What this task involves: The response should consist of the data below, copied exactly, with no pictures in it.

-------- Material provided

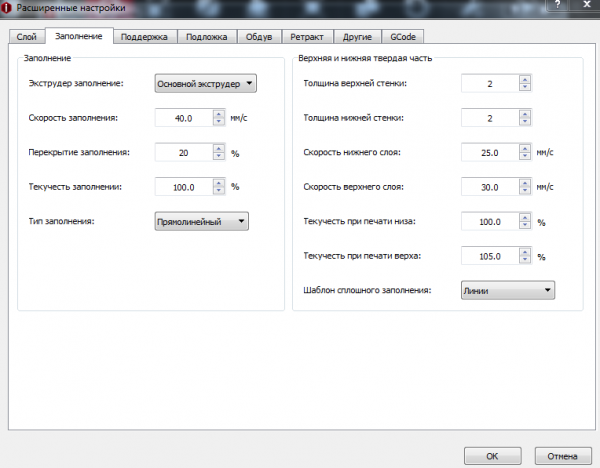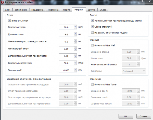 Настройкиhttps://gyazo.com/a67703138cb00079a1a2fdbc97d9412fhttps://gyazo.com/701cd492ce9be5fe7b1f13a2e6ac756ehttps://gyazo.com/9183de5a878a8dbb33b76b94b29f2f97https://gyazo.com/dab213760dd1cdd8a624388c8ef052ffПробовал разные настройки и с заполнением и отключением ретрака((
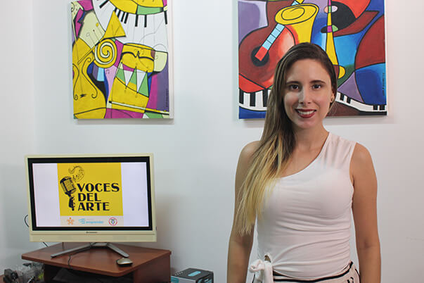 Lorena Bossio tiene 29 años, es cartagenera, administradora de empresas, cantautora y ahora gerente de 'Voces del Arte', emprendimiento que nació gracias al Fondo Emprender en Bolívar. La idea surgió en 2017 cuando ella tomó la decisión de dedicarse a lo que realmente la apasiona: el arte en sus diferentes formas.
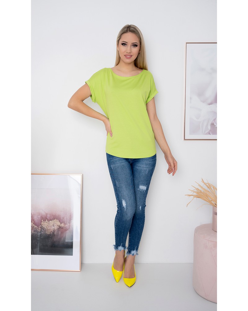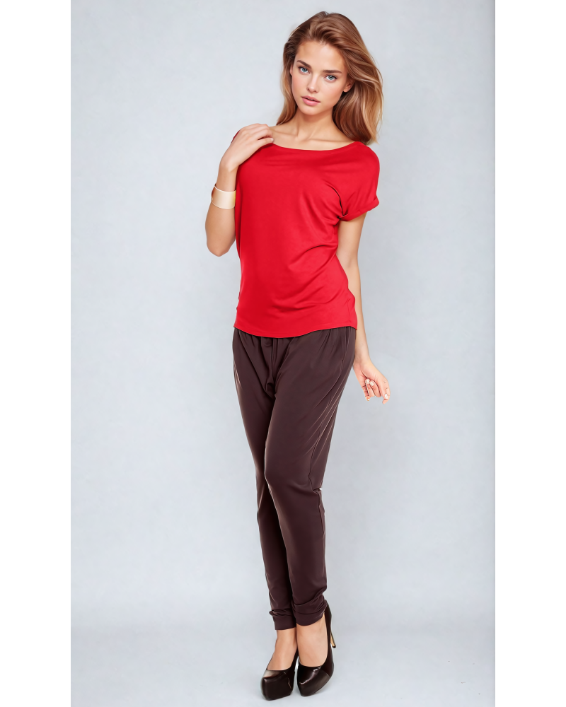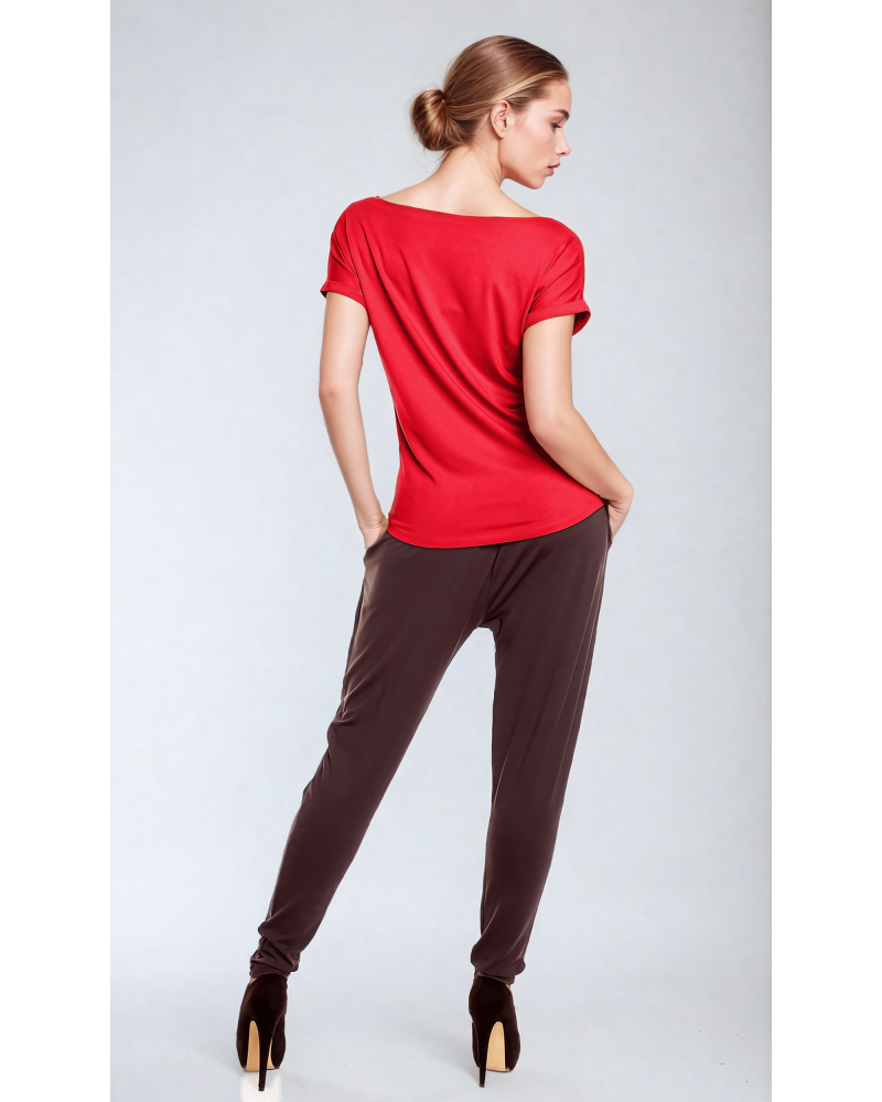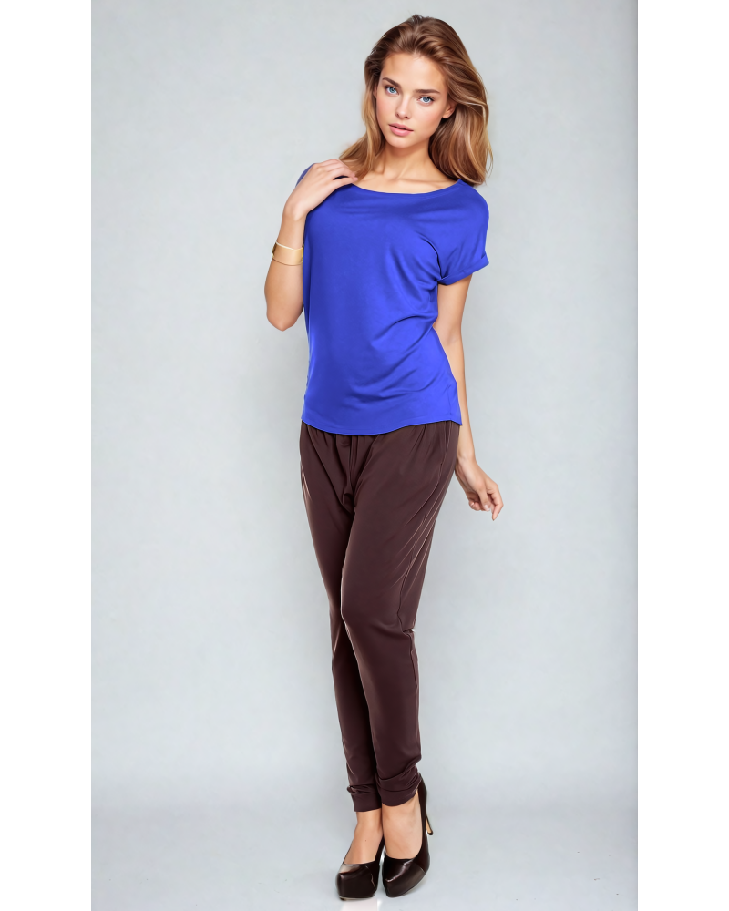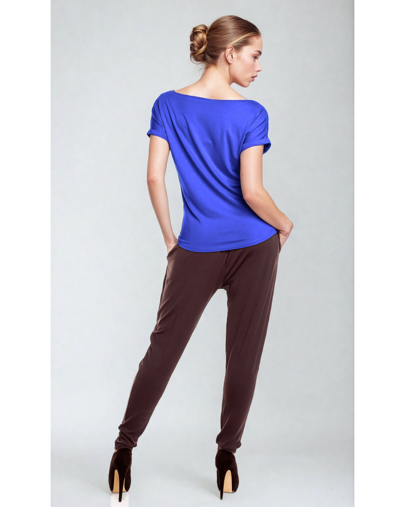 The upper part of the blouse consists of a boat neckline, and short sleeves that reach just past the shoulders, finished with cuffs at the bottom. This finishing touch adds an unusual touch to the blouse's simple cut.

----------------

Answer section:
 Настройкиhttps://gyazo.com/a67703138cb00079a1a2fdbc97d9412fhttps://gyazo.com/701cd492ce9be5fe7b1f13a2e6ac756ehttps://gyazo.com/9183de5a878a8dbb33b76b94b29f2f97https://gyazo.com/dab213760dd1cdd8a624388c8ef052ffПробовал разные настройки и с заполнением и отключением ретрака((
 Lorena Bossio tiene 29 años, es cartagenera, administradora de empresas, cantautora y ahora gerente de 'Voces del Arte', emprendimiento que nació gracias al Fondo Emprender en Bolívar. La idea surgió en 2017 cuando ella tomó la decisión de dedicarse a lo que realmente la apasiona: el arte en sus diferentes formas.
 The upper part of the blouse consists of a boat neckline, and short sleeves that reach just past the shoulders, finished with cuffs at the bottom. This finishing touch adds an unusual touch to the blouse's simple cut.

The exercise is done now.